### YOUR GOAL:
Starting with the opening line of the entries below, transcribe each line exactly up to and including the one that has "Tecido Tricoline Menina"; pictures are not copied.

### RECORD EXTRACTS:
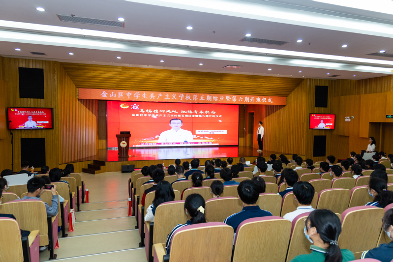 5月20日下午,金山区中学生共产主义学校第五期结业暨第六期开班仪式在金山区教育学院举行。我校ylzzcom永利总站线路检测党委书记、院长王爱祥,ylzzcom永利总站线路检测党委副书记杨倩,金山区委组织部副部长、老干部局局长、区关工委副主任韩亚弟,金山团区委书记王民民,金山区委党校原常务副校长张汉为,金山区教育工作党委副书记吴颖,金山区教育学院党总支书记杜婉良,金山团区委分管同志,我校马院宣讲团成员,金山区老干部宣讲团成员及金山区各高中、中职校领导、团委书记,培训班班主任、指导老师和第五期学员代表,第六期全体学员近200人出席本次活动。
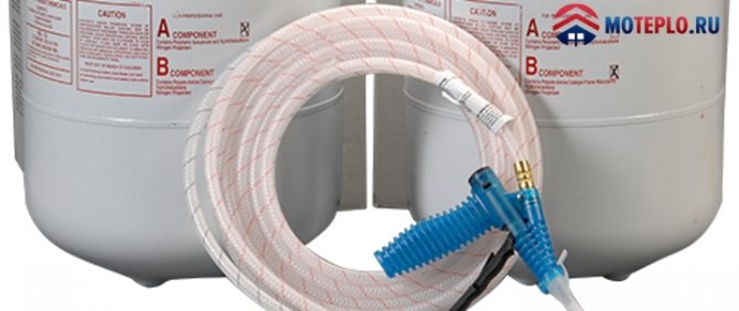 PPU се доставя на мястото под формата на два течни компонента, маркирани с буквите A (полиол) и B (изоцианат). Преди да се пристъпи към смесване на тези вещества и изливане на сместа в кухината, полиолът трябва да се нагрее до 30-350 ° С, а изоцианатът до 40-500 ° С. След това компонент А се смесва в продължение на 10-15 минути до гладка смес. Всичко това правим в специален хидравличен агрегат с вградена отоплителна система и отопляеми маркучи. С помощта на пистолет съставът от полиуретанова пяна се подава в процепа на стената, където се разширява и запълва празното пространство между ограничаващите повърхности, както и най-малките пукнатини, дефекти в зидарията или плочите.
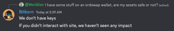 Özellikle bir kullanıcı, düğmenin bir cüzdan boşaltıcı gibi göründüğünü, bunun kripto dolandırıcıları tarafından fonları hortumlamak için kullanılan hain bir araç olduğunu bildirdi. Yazının yazıldığı sırada Ordswap’in web sitesi kullanıcıları otomatik olarak RelayX olarak bilinen rakip bir pazara yönlendiriyordu. Yaşanan çalkantılı olaylara rağmen, bir Ordswap ekip üyesi, projenin Discord sunucusundaki kullanıcılara, ihlalin bir sonucu olarak kullanıcı özel anahtarları veya lıkları üzerinde bildirilen herhangi bir etki olmadığı konusunda güvence verdi. Bununla birlikte, güvenliği ihlal edilen web sitesiyle etkileşime giren kullanıcılar için risk devam ettiğinden dikkatli olunması çağrısında bulunuldu.
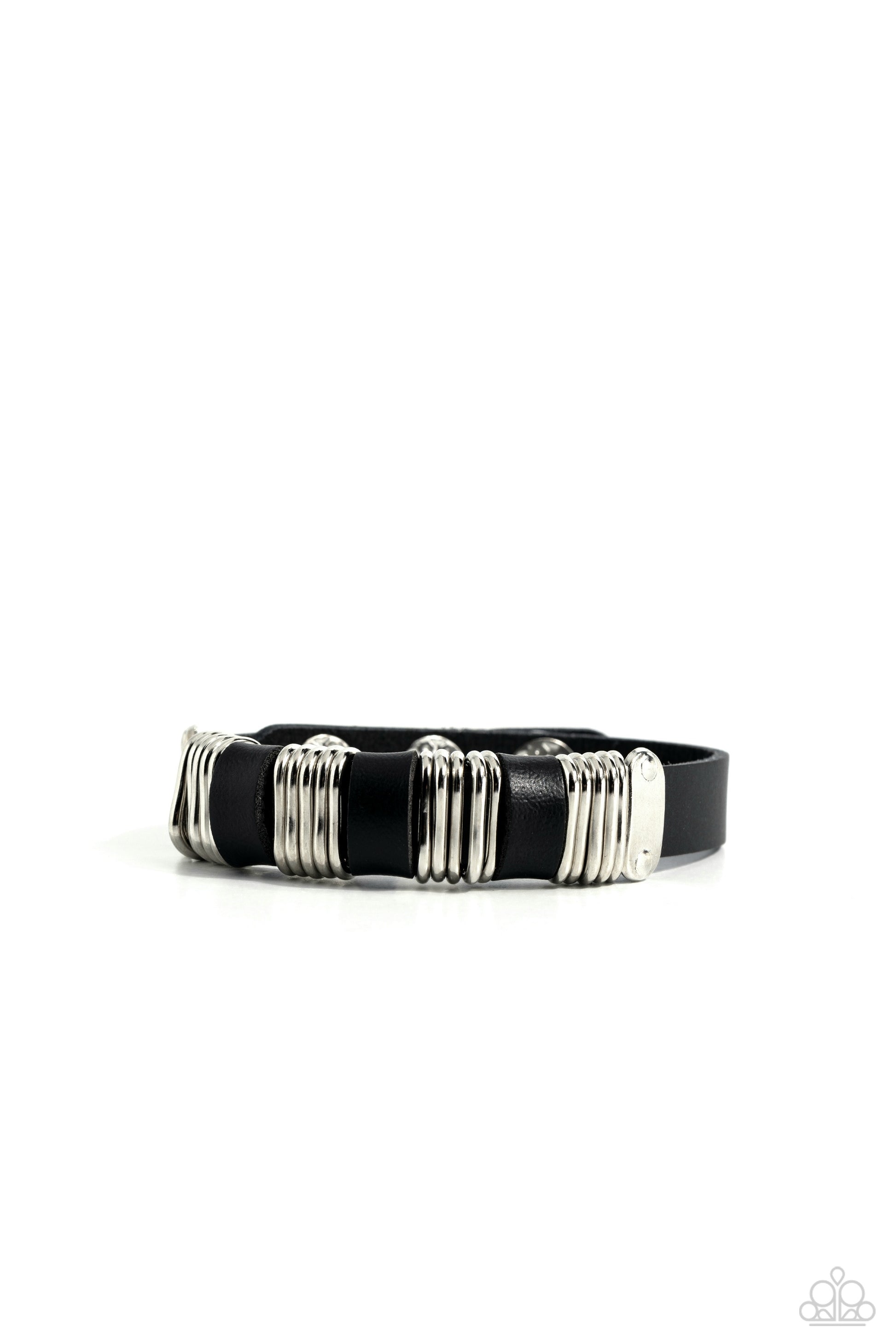 Black leather loops alternate with sections of oval silver rings between two studded silver plates, creating an edgy accent at the center of a slim black leather band. Features an adjustable snap closure.
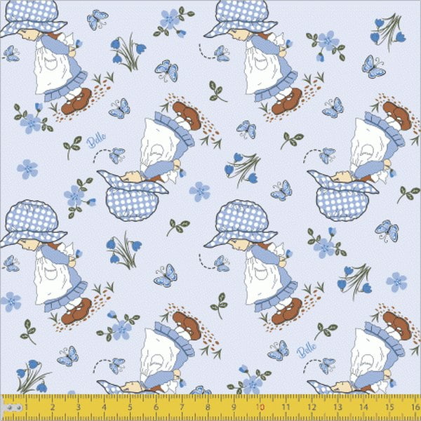 Tecido Tricoline Menina Belle Fundo Azul Claro 7069v02
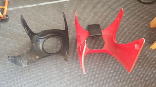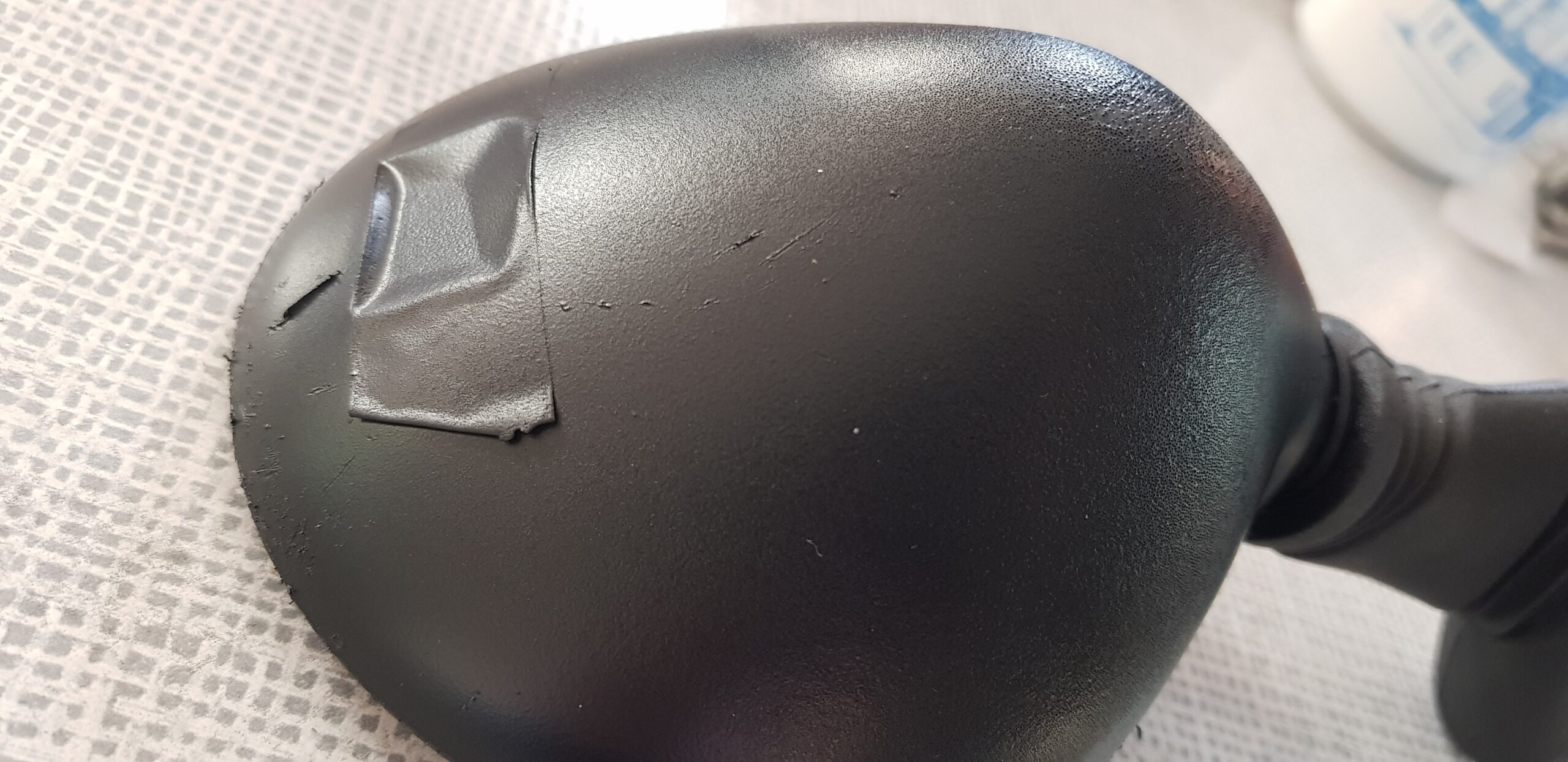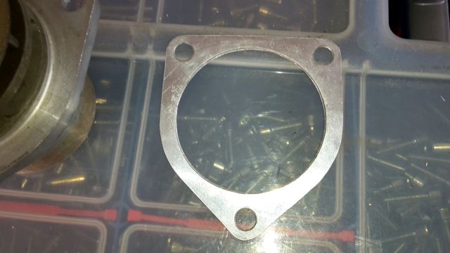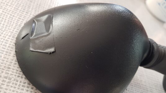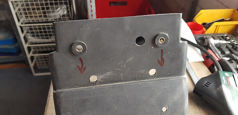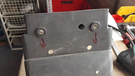 Defekte Wasserpumpengehäuse. Risse im Schraubenbereich. Teil 3: Habe mir beim zweiten, defekten Gehäuse das Fixieren des Blechs mit zwei M 3 Schrauben gespart. Nach dem Verkleben habe ich das Blech mit Tape positioniert. Das hat völlig gereicht. Nach dem Aushärten über Nacht mittels Proxxon das Blech verschliffen
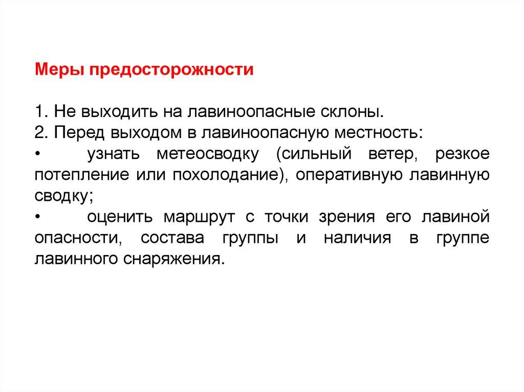 Меры предосторожности1. Не выходить на лавиноопасные склоны.

### WRITTEN SOLUTION:
 5月20日下午,金山区中学生共产主义学校第五期结业暨第六期开班仪式在金山区教育学院举行。我校ylzzcom永利总站线路检测党委书记、院长王爱祥,ylzzcom永利总站线路检测党委副书记杨倩,金山区委组织部副部长、老干部局局长、区关工委副主任韩亚弟,金山团区委书记王民民,金山区委党校原常务副校长张汉为,金山区教育工作党委副书记吴颖,金山区教育学院党总支书记杜婉良,金山团区委分管同志,我校马院宣讲团成员,金山区老干部宣讲团成员及金山区各高中、中职校领导、团委书记,培训班班主任、指导老师和第五期学员代表,第六期全体学员近200人出席本次活动。
 PPU се доставя на мястото под формата на два течни компонента, маркирани с буквите A (полиол) и B (изоцианат). Преди да се пристъпи към смесване на тези вещества и изливане на сместа в кухината, полиолът трябва да се нагрее до 30-350 ° С, а изоцианатът до 40-500 ° С. След това компонент А се смесва в продължение на 10-15 минути до гладка смес. Всичко това правим в специален хидравличен агрегат с вградена отоплителна система и отопляеми маркучи. С помощта на пистолет съставът от полиуретанова пяна се подава в процепа на стената, където се разширява и запълва празното пространство между ограничаващите повърхности, както и най-малките пукнатини, дефекти в зидарията или плочите.
 Özellikle bir kullanıcı, düğmenin bir cüzdan boşaltıcı gibi göründüğünü, bunun kripto dolandırıcıları tarafından fonları hortumlamak için kullanılan hain bir araç olduğunu bildirdi. Yazının yazıldığı sırada Ordswap’in web sitesi kullanıcıları otomatik olarak RelayX olarak bilinen rakip bir pazara yönlendiriyordu. Yaşanan çalkantılı olaylara rağmen, bir Ordswap ekip üyesi, projenin Discord sunucusundaki kullanıcılara, ihlalin bir sonucu olarak kullanıcı özel anahtarları veya lıkları üzerinde bildirilen herhangi bir etki olmadığı konusunda güvence verdi. Bununla birlikte, güvenliği ihlal edilen web sitesiyle etkileşime giren kullanıcılar için risk devam ettiğinden dikkatli olunması çağrısında bulunuldu.
 Black leather loops alternate with sections of oval silver rings between two studded silver plates, creating an edgy accent at the center of a slim black leather band. Features an adjustable snap closure.
 Tecido Tricoline Menina Belle Fundo Azul Claro 7069v02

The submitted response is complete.